Looks good to me. When you put in the new bolt it will tighten the uca up and look a lot better than it does now.
 
What size bolt do I need to replace with a regular hex head? I searched and found the post in regards to this before but now can't find it.
 
It's metric, just take the old with you to the hardware store.
 
Try using a bottle jack or the stock jack under the forwardmost part under the axle. As you apply pressure, it will cause the axle to rotate back and make the bolt come out much easier. Do one side at a time. Also, don't use a torch to remove the bushing. You will weaken the uca mount on the axle and it will eventually tear of break.
 
Use a floor jack and lift under the track bar mount on the axle side. Works like a champ.

As for the bushings, check out RE's new rebuildable bushings.
 
Got it all done - have a nice new grade 8 standard bolt now, in place of the torq head.
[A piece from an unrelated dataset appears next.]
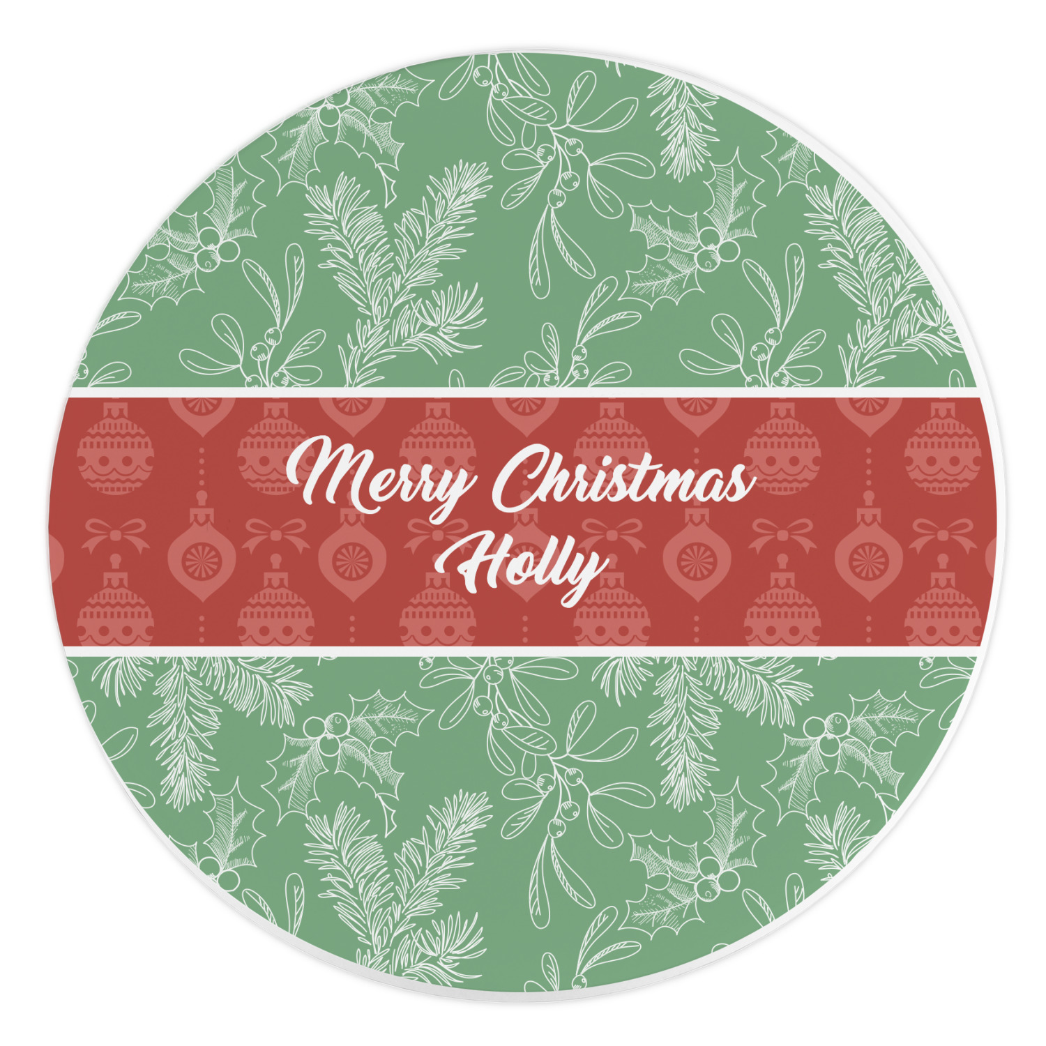 The design is divided into three horizontal parts. The top and bottom are a beautiful green holly background and the middle has a subtle red ornaments background. The middle section is where your personalization goes. This is a great design idea for Christmas decor or Christmas gifts.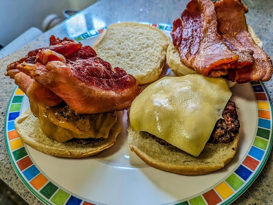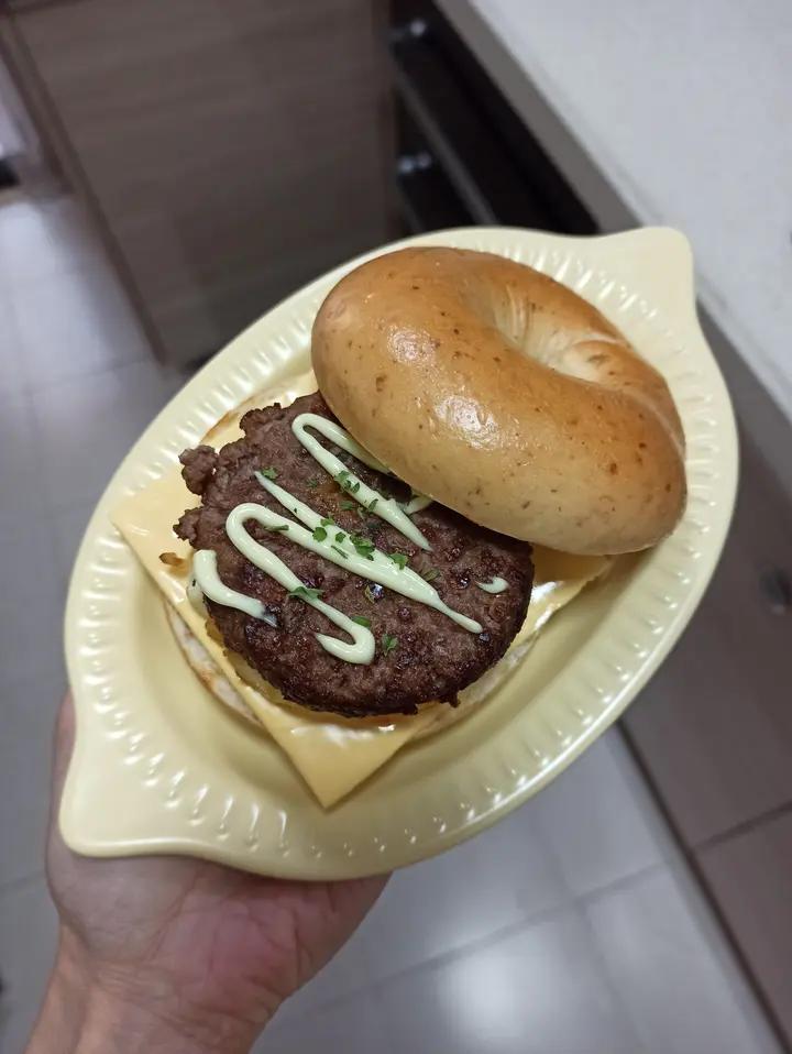有点丰富的牛肉贝果,芝士牛肉饼真不错,就是我煎得过于美拉德了,哈哈😃 # #享味欧洲...

Still have some concerns over the axle mount for the bushing - even after tightened down it still didn't seem to sit in there right. At least I got it to the point were its driveable to the shop for when I do my front gears. While they do that, I will have them look at the passenger mount. Want to say the bolt was 3/8x3" long for the replacement.
 
92XJT said:
Got it all done - have a nice new grade 8 standard bolt now, in place of the torq head. Still have some concerns over the axle mount for the bushing - even after tightened down it still didn't seem to sit in there right. At least I got it to the point were its driveable to the shop for when I do my front gears. While they do that, I will have them look at the passenger mount. Want to say the bolt was 3/8x3" long for the replacement.

I still think that you have done well! It makes me reexamine my passenger side Oem uca D30 mount (I have many more curves than yours!)

Please Keep us posted!

Thanks,

Reed
 
the absolute easiest way to rotate the axle is to take a pipe wrench to the knuckle and use a floor jack to jack up the end of the pipe wrench.